A servidora ou servidor também deverá informar e manter atualizado seu número de telefone, fixo ou móvel, que poderá ser divulgado tanto dentro do órgão ou da entidade quanto para o público externo.
Distanciamento entre usuário e serviço
Vladimir Nepomuceno alerta ainda para o fato de que a redução de despesas de custeio ser presentada, no decreto, como “consequências positivas” para “maior flexibilidade geográfica na alocação de mão de obra, redução de custos pela redução de espaço físico ocupado em imóveis pela administração pública”. O que pode significar maior dificuldade de acesso à população usuária aos serviços. “E também permitirá a dispersão dos servidores, que, por custos de moradia, poderão ser forçados a residirem em localidades mais distantes da unidade de trabalho, lembrando que, se o servidor residir em localidade distinta da sua unidade de trabalho, não haverá, segundo o decreto, custeio das despesas de deslocamento, alojamento e alimentação em caso de participação em reuniões e outras atividades para as quais seja convocado”, complementa.

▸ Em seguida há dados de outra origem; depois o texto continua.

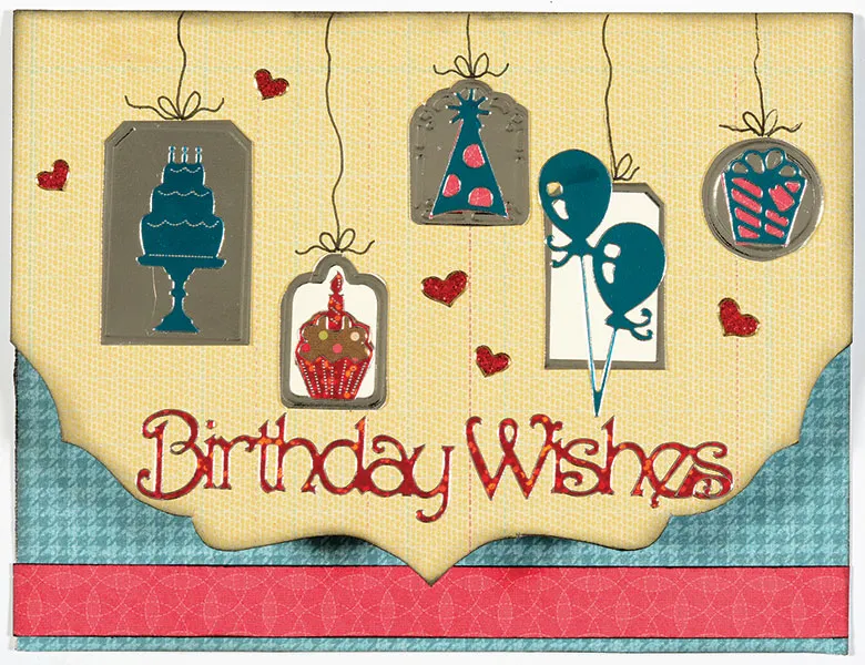 Glue 5 silver tag shapes evenly spaced and staggered across the card front. Draw wiggly lines and bows on each tag. Place a red cupcake Dazzles™ backed with brown dot paper on one tag, and a blue cake, blue balloons, a hat and a gift backed with red tile paper on the remaining tags. Place small red heart Dazzles™ among the tags.
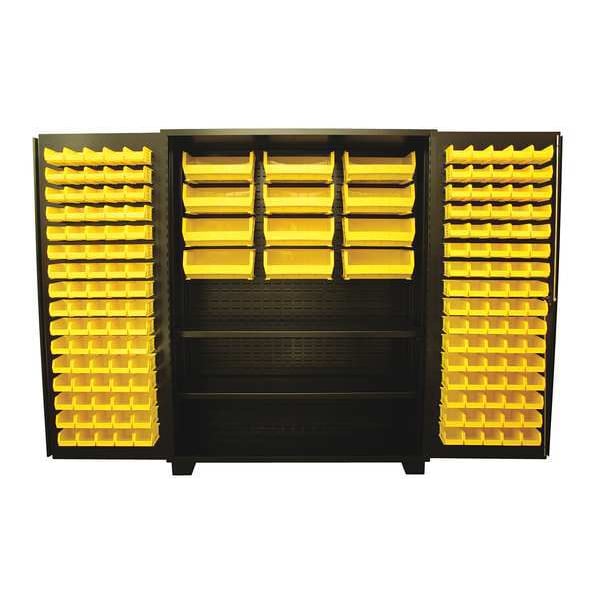 Bin Cabinet, Base Type Legs, Bin Color Yellow, Bin HxWxD (12) 7 in x 16 1/2 in x 14 3/4 in, (160) 3 in x 4 1/8 in x 7 1/2 in, Cabinet Color Black, Cabinet Storage Components Bins, Shelves, Door Type Flush, Frame Assembled Assembled, Mobility Stationary, Number of Bins 172, Number of Cabinet Bins 12, Number of Door Bins 160, Number of Shelves 2, Overall Depth 24 in, Overall Height 78 in, Overall Width 60 in, Vertical Shelf Clearance (2) 2 1/2 in, Bin Depth 7 1/2 in, 14 3/4 in
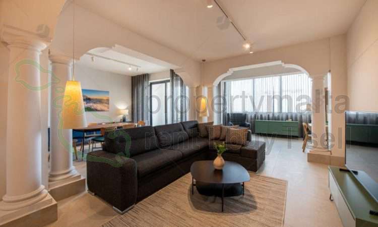 Luxuriously finished three-bedroom apartment in Mellieha, enjoying unobstructed sea views. The property comprises an open-plan kitchen/living/dining area, three double bedrooms, main with private bathroom, guest bathroom, library room and a front balcony. Fully equipped and air-conditioned. One Car lock up garage is included.
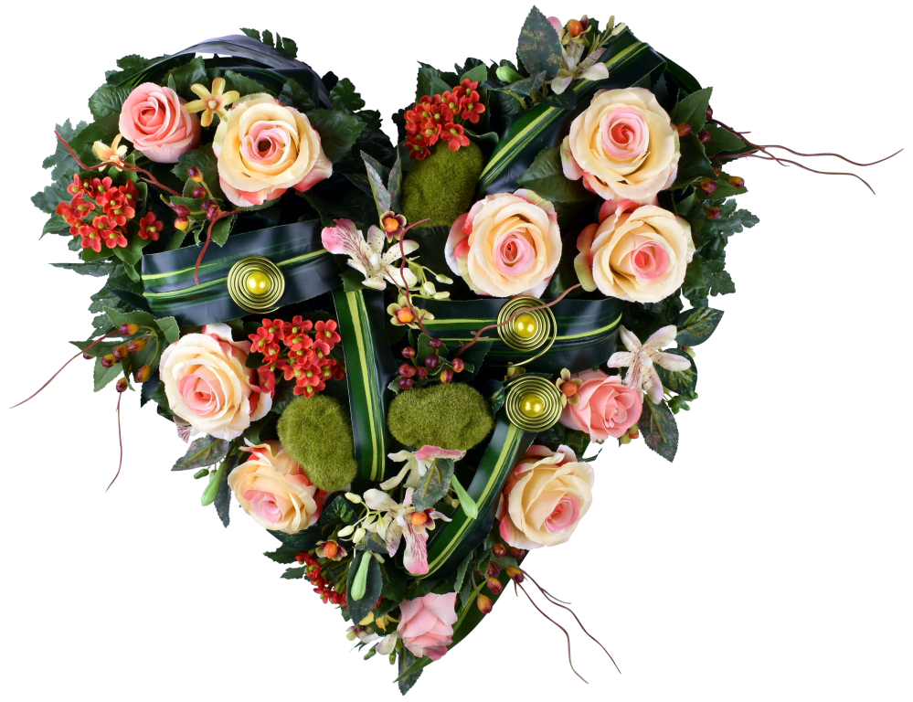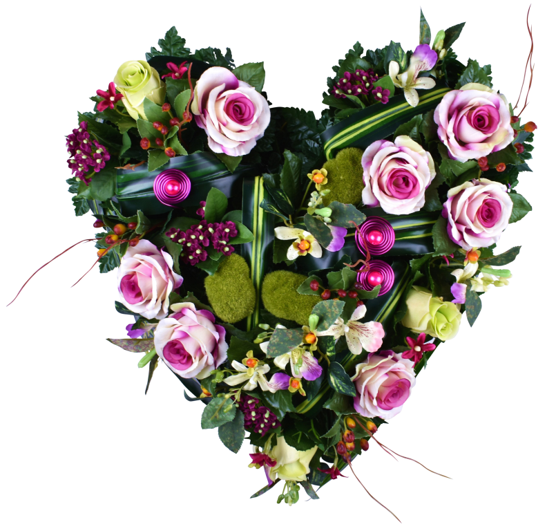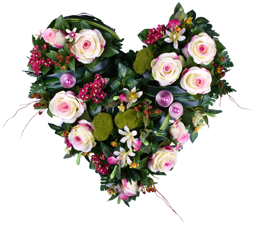Coeur de rose, hortensia, orchidée, pierre mousse, spirale aluminium. Support lesté.
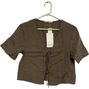 Zara Womens Blouse Small Brown Linen Blend Bow Short Sleeve 4114/579 NWT

Nepomuceno cita o caso do INSS como uma prova de que o decreto presidencial não atingirá os objetivos anunciados com a nova forma de controle das atividades realizadas. “Naquela autarquia, o que se vê são servidores com excesso de trabalho e sem jornada respeitada para que atinjam as metas definidas pela instituição, com o aumento drástico ade despesas e sem as mínimas condições de trabalho e com altos índices de adoecimento físico, mental e psicológico, antecipando suas aposentadorias por sobrevivência”.
Manuella Soares, jornalista, especial para o Sisejufe.